Sunday, April 14, 2024

Saint Sebastian's Abyss


I just read Saint Sebastian’s Abyss by Mark Haber, published in 2022.   I was misled by reviewers who implied that much was to be learned about art history in Haber’s book.  That is true if much is to be learned about cooking from Jonathan’s Swift’s A Modest Proposal. 

Haber is poking fun at art critics who early on in their careers decide that what they have to say about art (or literature, etc.) is more important than what a painter (or poet) accomplishes. The narrator declares, “Schmidt and I were quenchless and insatiable when it came to the end of the world.” The Science Fiction Youtube critic, Moid Moidelhoff, frequently declares “I love the end of the world.”  Perhaps in his case, since he is an atheist, he means that he loves books about the end of the world.  But Schmidt and the Narrator (also atheists) are equally obscure about their love of the end of the world; although it seems most probable that Haber intends the “abyss” in the title of painting, “Saint Sebastian’s Abyss” to refer to the end of the world.  If so, given the nihilistic ending of his novel, Haber believes the end of the world to be a whimper rather than a bang – at least in the narrator’s opinion if not in Schmidt’s.

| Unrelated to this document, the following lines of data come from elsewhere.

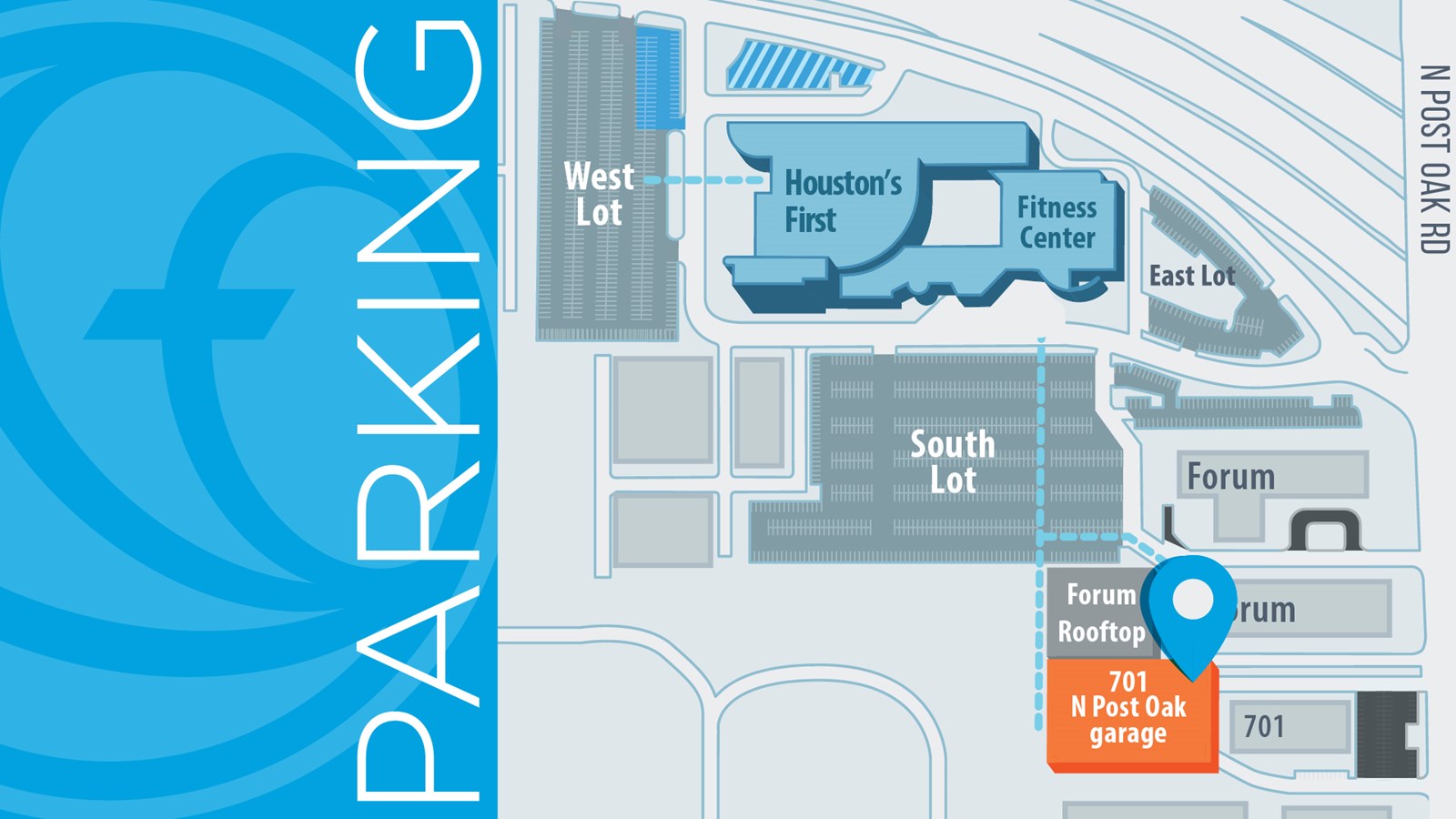 estacionamiento oeste de Houston’s First - the Loop Campus. Quienes asistan a los Estudios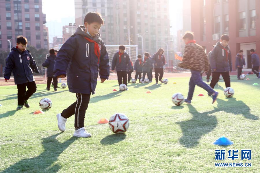 1月14日,淮北市泉山路学校的学生在大课间练习踢足球。新华社发(万善朝 摄)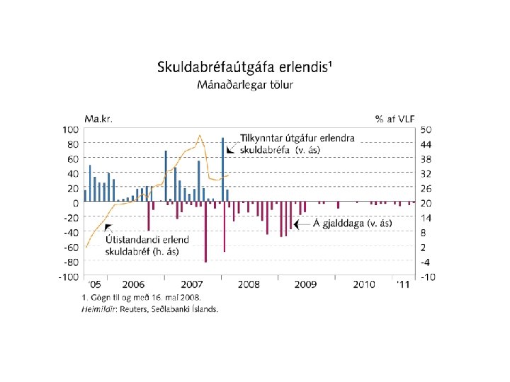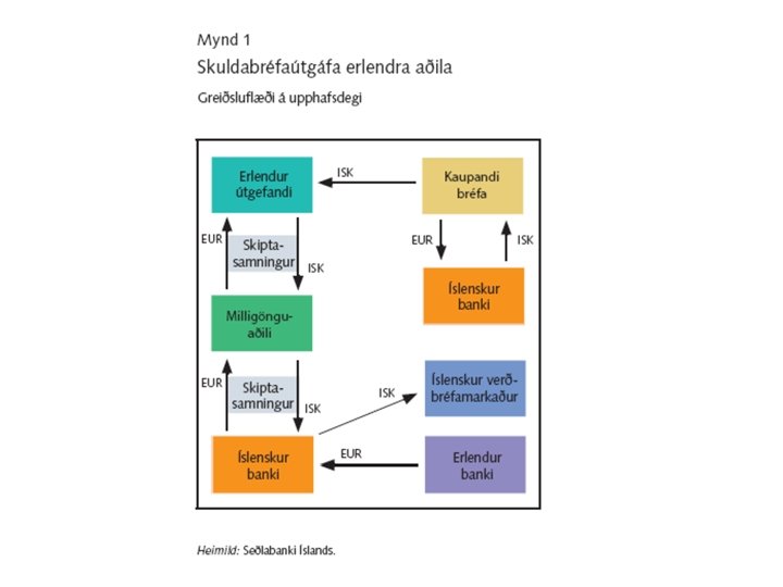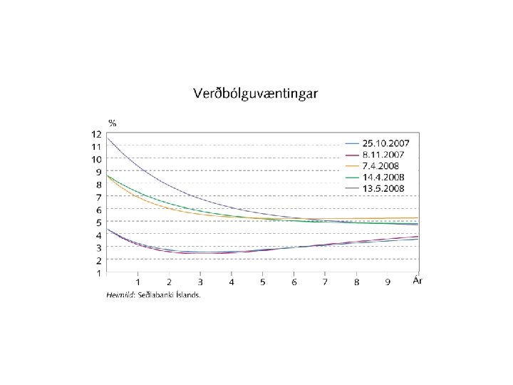 Leiðir til þess að bæta framkvæmd peningastefnu • Betri líkön - spár • Betri þjóðhagsreikningar – Einkum fjármunamyndun • Skýrari boðskipti (e. communication) peningastefnu • Virkari markaðir/meiri útgáfa ríkisskuldabréfa • Efnahagsstefna ríkisstjórnar taki mið af verðbólgumarkmiði • Gefa Seðlabanka aukið reglugerðarvald yfir íbúðalánamarkaði?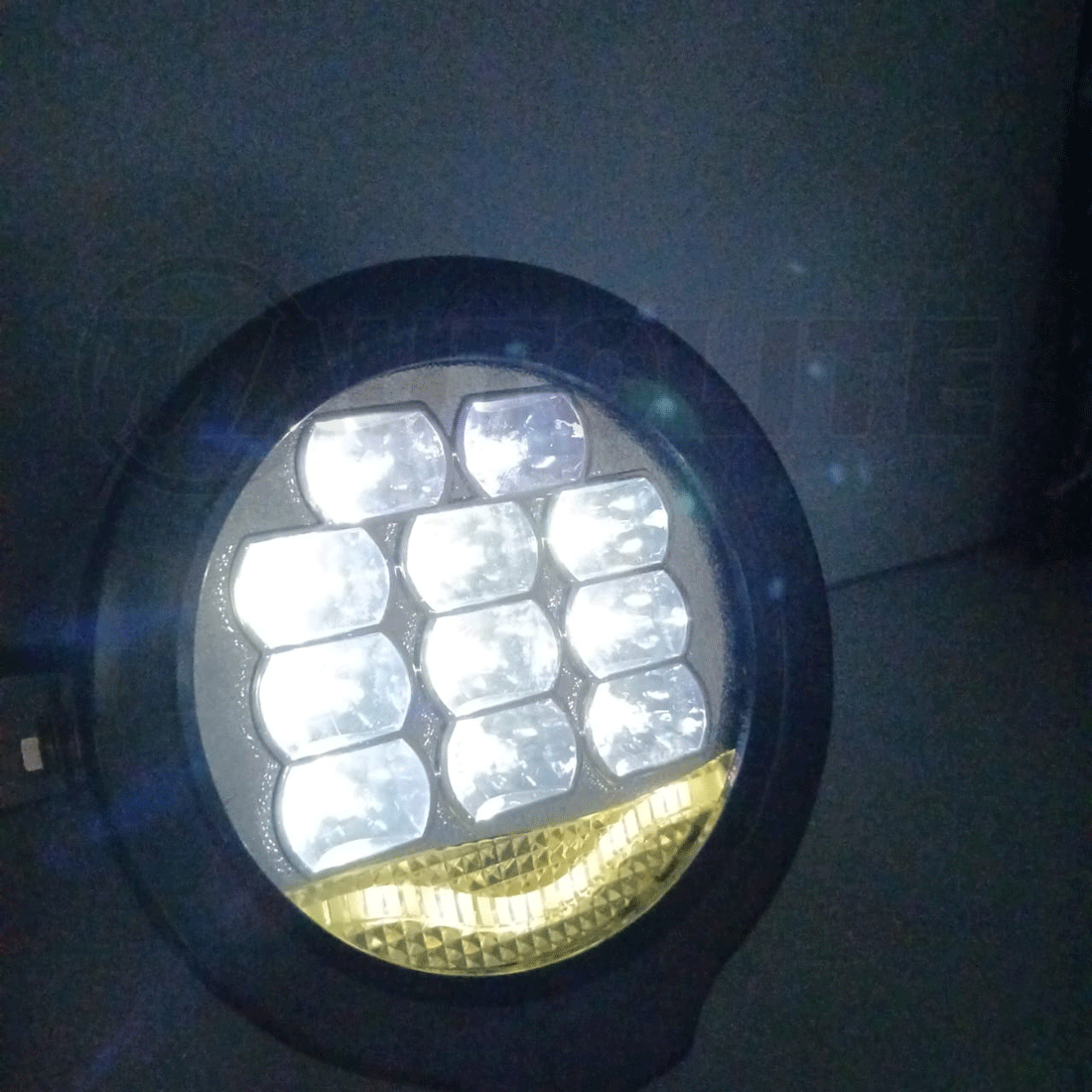 - Diseño redondo de 4 pulgadas de foco y 5” de carcasa robusta y elegante

The narrator writes an opinion Schmidt shares, “Our classmates were only interested in becoming painters, which was preposterous since nothing good had been painted since the death of Cezanne in 1906.”

We do hear in our modern times that what is being done artistically, musically, poetically, etc. is inferior to the great accomplishments of artists and composers of the past.  Harold Bloom declared that Shakespeare, most importantly in his Hamlet, created “what we mean by “human.”  We aren’t willing to let go of Shakespeare or Rembrandt or Bach, Bloom wrote of the anxiety of influence serious poets and writers feel.  

So, what shall we think when Haber’s narrator declares, “Painting, I told Schmidt, admittedly to impress him, was a fool’s errand because painting had died with Cezanne in 1906 and to pursue painting was like pursuing an obsolete skill, becoming a chimney sweep or a town crier?”  This isn’t a judgement critics can legitimately make.  Of course they can and do, but creation is beyond them.  They, if they are any good, have studied their fields and have a good understanding of what the creations of genuine artists look like, and use these understandings to judge the works of new artists.  Only the most negative among them would declare that nothing good has been painted since 1906, written since Shakespeare, or composed since Brahms.

The narrator’s second wife, much to the outrage of Schmidt if not the narrator became a famous art critic.  She wrote a very successful biography of Paul Klee, perhaps achieving more critical adulation than Schmidt inasmuch as he was offended by her.  She in the course of things couldn’t abide the narrator’s overriding preoccupation with Saint Sebastian’s Abyss and left him.

Mark Habor in this novel has written what might be termed a poetic criticism of critics.  One cannot challenge them on facts because their stock and trade are their opinions.  The most successful and deft swing verbal sabers lopping off the heads of presumptive artists who create works that challenge their opinions.  Schmidt believed he had solved the meaning of the mysterious three initials affixed to Saint Sebastian’s Abyss, but dies before he can give the information to the narrator.  The narrator spends three years trying to find out the answer on his own but is unsuccessful.  Blinded Beckenbauer, the painter of Saint Sebastian’s Abyss created at least this one painting that is revered by many, but what has the snobbish Schmidt and the narrator achieved if their critical theories are determined to have no lasting significance.  

Beyond these matters, as reprehensible as Beckenbauer might be, and as out of touch with celebrity as modern artists would find him, he was so devoted to his art that he lost his eyesight in its pursuit.  But the narrator tells us he painted because it was the easiest way he had to make money.   

Saint Sebastian was in fact a great evangelist who was martyred twice for his efforts, the first time with arrows, which didn't kill him.  After he recovered, he went to Diocletian to warn him of his sins and was beaten to death.  Why in Haber's novel did Beckenbauer choose Saint Sebastian as the subject for a painting? Saint Sebastian was considered the Saint that protected the faithful against the plague and Beckenbauer suffered from syphilis which may have been considered a plague in Beckenbauer's day -- in Haber's mind.  It seems ironic that Saint Sebastian, a famous believer during early Christian times, martyred twice for his beliefs should be chosen by those featured by atheists in Haber's novel.   May we assume that Haber is an atheist as well?  If he is not that would be one more irony ladled from this novel.